I have been resident in Germany for 17 years.
I would also like to know what happens in a few years time if I go back to the UK doI have toclose the QROP and go back to a SIPP.
I appreciate your help.


----------



## James3214

dalevine said:


> Scotswahae,
> 
> This is something I deal with on a daily basis having worked in the pension industry both in the uk and abroad, now based here in Germany id be happy to answer any questions or queries you may have, feel free to drop me a private message and ill get back to you straight away  researching QROPS is a nightmare i can point you in the right directions, Always happy to help!
> 
> Dale


Welcome to Germany (and the forum) Dale. Please change your 'location' in your profile as it still shows 'Cyprus'. Please post any advice on the forum and only use PMs for private or sensitive advice. 
Also be reminded that touting for business is against forum rules unless you are a 'premium' member.


----------



## dalevine

thanks for the welcome James, I have been trying to change the location however, it will not let me saying I do not have permission to do so ... i must presume I'm doing something wrong here? If you can let me know what im doing wrong that would be great!!


----------



## James3214

dalevine said:


> thanks for the welcome James, I have been trying to change the location however, it will not let me saying I do not have permission to do so ... i must presume I'm doing something wrong here? If you can let me know what im doing wrong that would be great!!
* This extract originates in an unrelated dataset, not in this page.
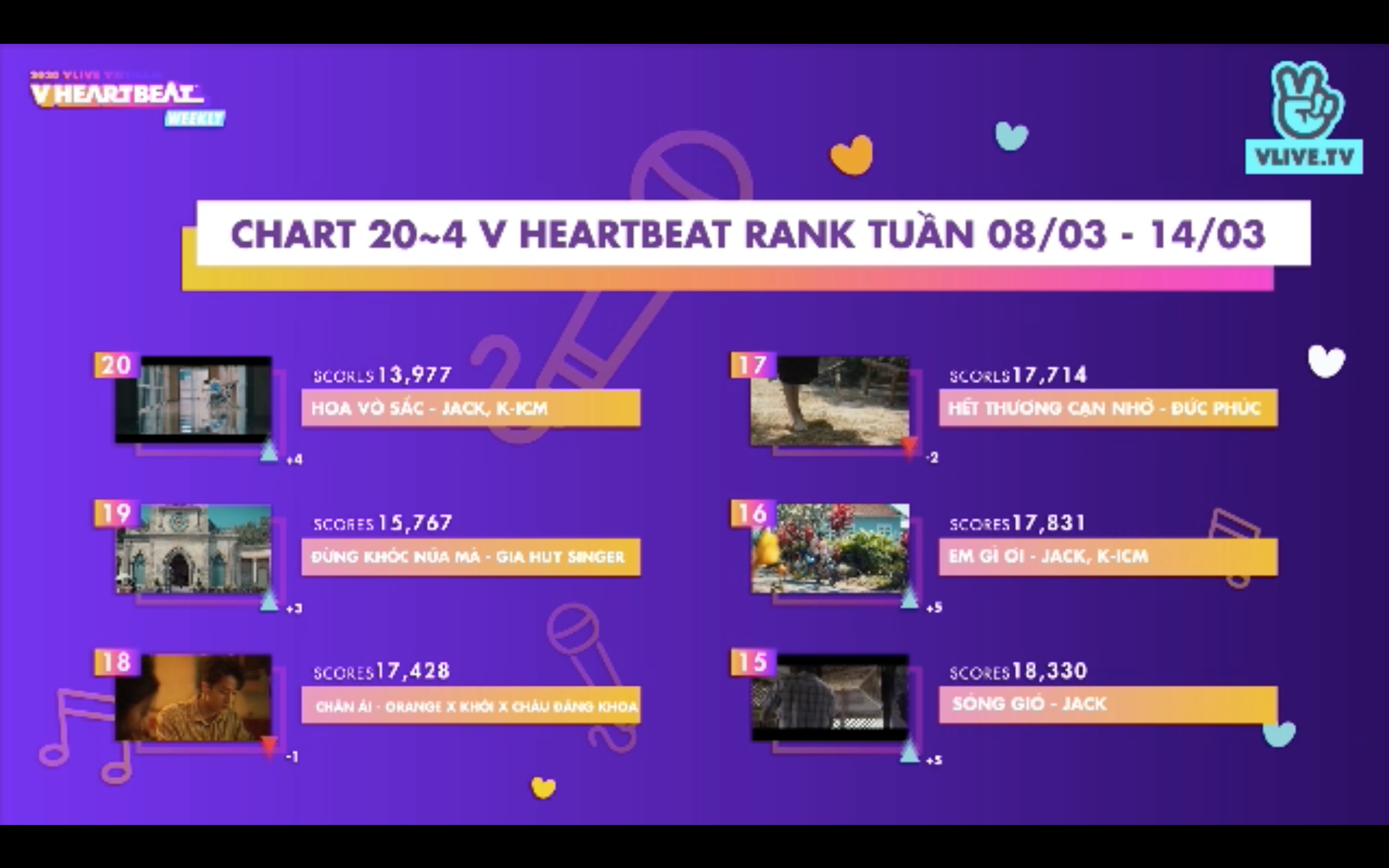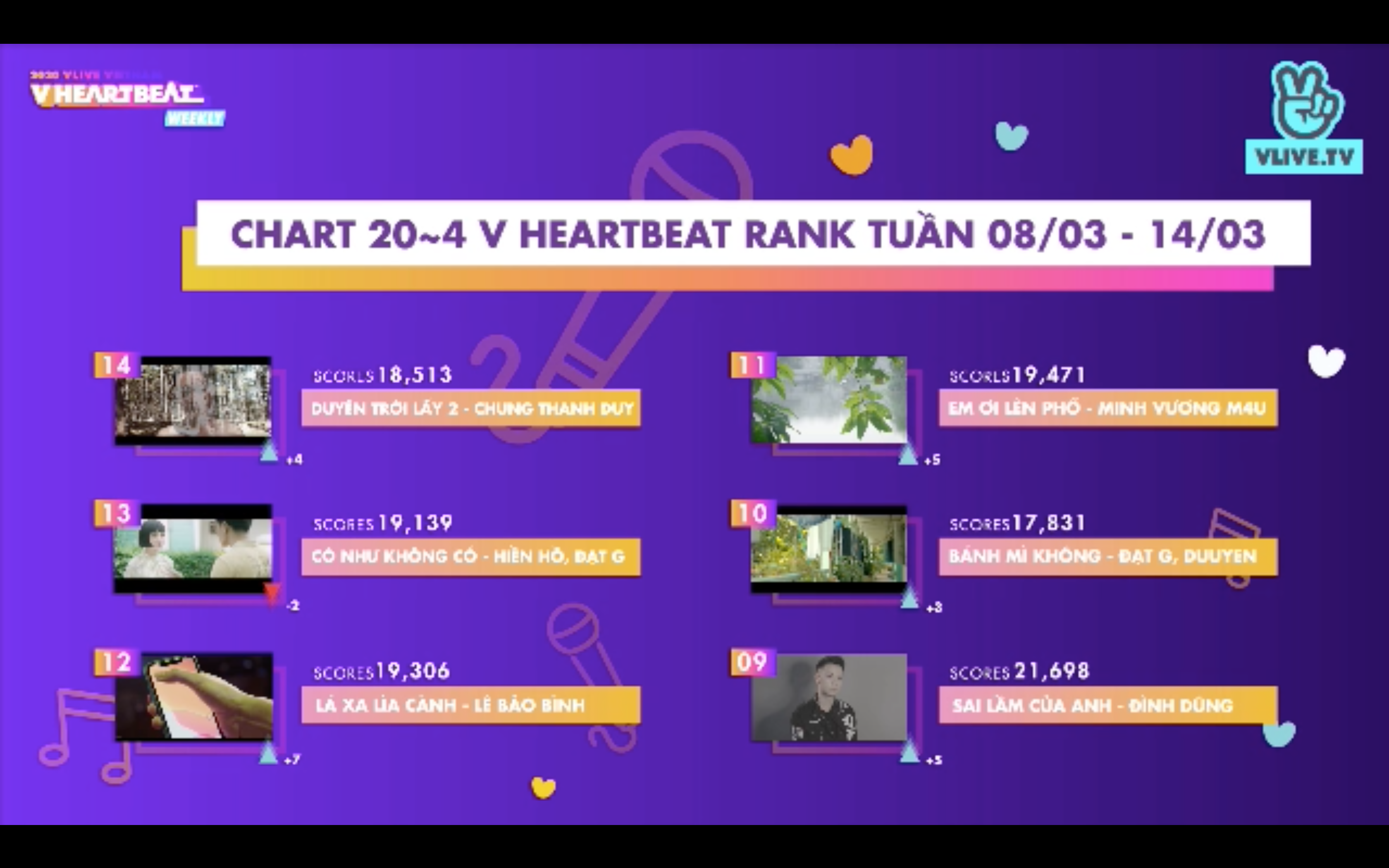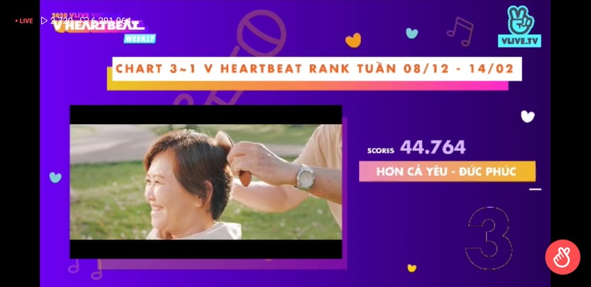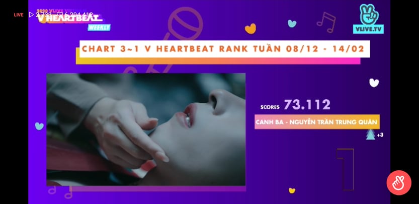 Số điểm V HEARTBEAT RANK được tổng h ợp từ Bảng xếp hạng (BXH) âm nhạc Việt Nam (V Music Chart https://vmusicchart.vn/ do CPI x KMCA x Naver thực hiện - chiếm 40% tổng số điểm) cộng lượng tim (20%) và bình chọn (40%) cho MV của các nghệ sĩ Việt trên V TODAY (https://vtoday.vlive.tv/vheartbeat).

Click on 'QUICK LINKS' and then 'Edit Your Details'. If you still have problems PM me.

Now where is that QROPS advice for the OP?


----------



## dalevine

3rd time lucky with this response now!... lets hope it works..


There are a variety of schemes available with various charging structures but ones do exist as you have asked with flat fees intially and ongoing. The important factor here is to ensure they scheme is on HMRC's approved list for QROPS as this was updated April 2012 and many schemes removed for not meeting criteria. There are many urisdictions available for the schemes and whereby the sovereign isles such as Guernsey Isle of Man, Gilbratar, etc have been favoured in the past since the changes Malta has become the preferred destination for providers due to their favourable pension tax regime and numerous double taxation treaties. The choice of jurisdiction would depend on your residence and other factors but is something that should be looked at.

Investment options within a QROPS are very flexible compared to a SIPP and should be decided based upon an individuals own preference to risk. Naturally being a pension fund, preservation should be a key factor and arrangements like you have suggested and readily available, low risk, fixed return etc

Your tax free lump sum where in most schemes would be 25%, if Malta was chosen as the jurisdiction for your QROPS this can be up to 30% initially. Your maximum drawdown you wish to take would be based on GAD rates at the time but again your intended method is more than possible.

As you have been outside of the Uk for more than 5 years it would have no effect on your QROPS, it's a portable product whether you chose to go back to the UK or elsewhere. The great thing is you keep all the benefits of QROPS wherever you move all that would happen is you would pay tax on the income you take at the rate of the country you reside in. 

Sorry if answers are vague in anyway as its difficult to be to specific without any real figures or knowing somebodies exact circumstance but i hope that answers those questions for you. If you have any more please feel free to ask 

Dale


----------



## dalevine

thanks James 3214, changes made


----------